EXERCISE PROMPT
Take the lines below beginning at the line that has "Addenda ad synopsidem" and stopping after the line that has "Cannabis in Economics", and print them exactly as they are, with no other lines.

Items from a dataset:
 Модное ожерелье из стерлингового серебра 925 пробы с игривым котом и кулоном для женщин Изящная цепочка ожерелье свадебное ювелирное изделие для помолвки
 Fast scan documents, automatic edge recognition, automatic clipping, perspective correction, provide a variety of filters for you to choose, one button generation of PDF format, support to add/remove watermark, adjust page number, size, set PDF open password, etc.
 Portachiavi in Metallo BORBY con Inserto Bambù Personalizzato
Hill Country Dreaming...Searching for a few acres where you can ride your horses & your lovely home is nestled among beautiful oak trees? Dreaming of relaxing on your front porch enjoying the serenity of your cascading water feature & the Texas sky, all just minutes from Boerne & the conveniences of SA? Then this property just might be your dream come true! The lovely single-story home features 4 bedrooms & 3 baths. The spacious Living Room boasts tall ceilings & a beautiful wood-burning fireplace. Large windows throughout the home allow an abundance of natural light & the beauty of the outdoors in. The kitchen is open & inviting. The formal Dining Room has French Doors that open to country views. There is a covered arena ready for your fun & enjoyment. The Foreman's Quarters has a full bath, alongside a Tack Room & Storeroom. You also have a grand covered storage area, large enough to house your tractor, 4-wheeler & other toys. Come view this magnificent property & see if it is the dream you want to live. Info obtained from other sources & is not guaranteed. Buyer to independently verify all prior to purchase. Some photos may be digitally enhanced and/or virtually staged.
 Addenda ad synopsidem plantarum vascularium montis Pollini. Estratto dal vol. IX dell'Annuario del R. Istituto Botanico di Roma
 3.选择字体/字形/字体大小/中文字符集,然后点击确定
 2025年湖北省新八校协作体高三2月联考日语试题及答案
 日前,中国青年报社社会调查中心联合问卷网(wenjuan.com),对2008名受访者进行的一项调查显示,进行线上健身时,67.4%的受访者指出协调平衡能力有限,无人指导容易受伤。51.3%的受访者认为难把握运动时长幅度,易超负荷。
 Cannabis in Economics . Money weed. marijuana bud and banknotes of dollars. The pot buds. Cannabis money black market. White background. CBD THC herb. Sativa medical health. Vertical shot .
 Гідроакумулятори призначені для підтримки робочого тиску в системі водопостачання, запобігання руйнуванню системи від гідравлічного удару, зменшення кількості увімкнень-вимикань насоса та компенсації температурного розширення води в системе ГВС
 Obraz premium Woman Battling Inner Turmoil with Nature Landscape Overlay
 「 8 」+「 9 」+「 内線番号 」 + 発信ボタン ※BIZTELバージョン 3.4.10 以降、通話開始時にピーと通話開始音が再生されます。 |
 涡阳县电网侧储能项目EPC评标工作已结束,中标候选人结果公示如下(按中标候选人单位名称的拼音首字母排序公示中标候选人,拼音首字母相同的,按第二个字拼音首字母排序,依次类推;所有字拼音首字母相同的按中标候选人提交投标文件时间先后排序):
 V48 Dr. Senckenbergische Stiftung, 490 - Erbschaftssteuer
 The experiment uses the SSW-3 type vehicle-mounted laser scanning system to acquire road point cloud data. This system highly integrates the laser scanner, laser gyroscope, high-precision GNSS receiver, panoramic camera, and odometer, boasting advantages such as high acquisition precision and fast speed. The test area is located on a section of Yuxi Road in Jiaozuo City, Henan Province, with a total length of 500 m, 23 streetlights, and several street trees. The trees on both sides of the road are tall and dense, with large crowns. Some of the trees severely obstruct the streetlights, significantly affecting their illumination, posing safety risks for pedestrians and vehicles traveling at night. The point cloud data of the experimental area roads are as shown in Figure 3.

EXERCISE ANSWER
 Addenda ad synopsidem plantarum vascularium montis Pollini. Estratto dal vol. IX dell'Annuario del R. Istituto Botanico di Roma
 3.选择字体/字形/字体大小/中文字符集,然后点击确定
 2025年湖北省新八校协作体高三2月联考日语试题及答案
 日前,中国青年报社社会调查中心联合问卷网(wenjuan.com),对2008名受访者进行的一项调查显示,进行线上健身时,67.4%的受访者指出协调平衡能力有限,无人指导容易受伤。51.3%的受访者认为难把握运动时长幅度,易超负荷。
 Cannabis in Economics . Money weed. marijuana bud and banknotes of dollars. The pot buds. Cannabis money black market. White background. CBD THC herb. Sativa medical health. Vertical shot .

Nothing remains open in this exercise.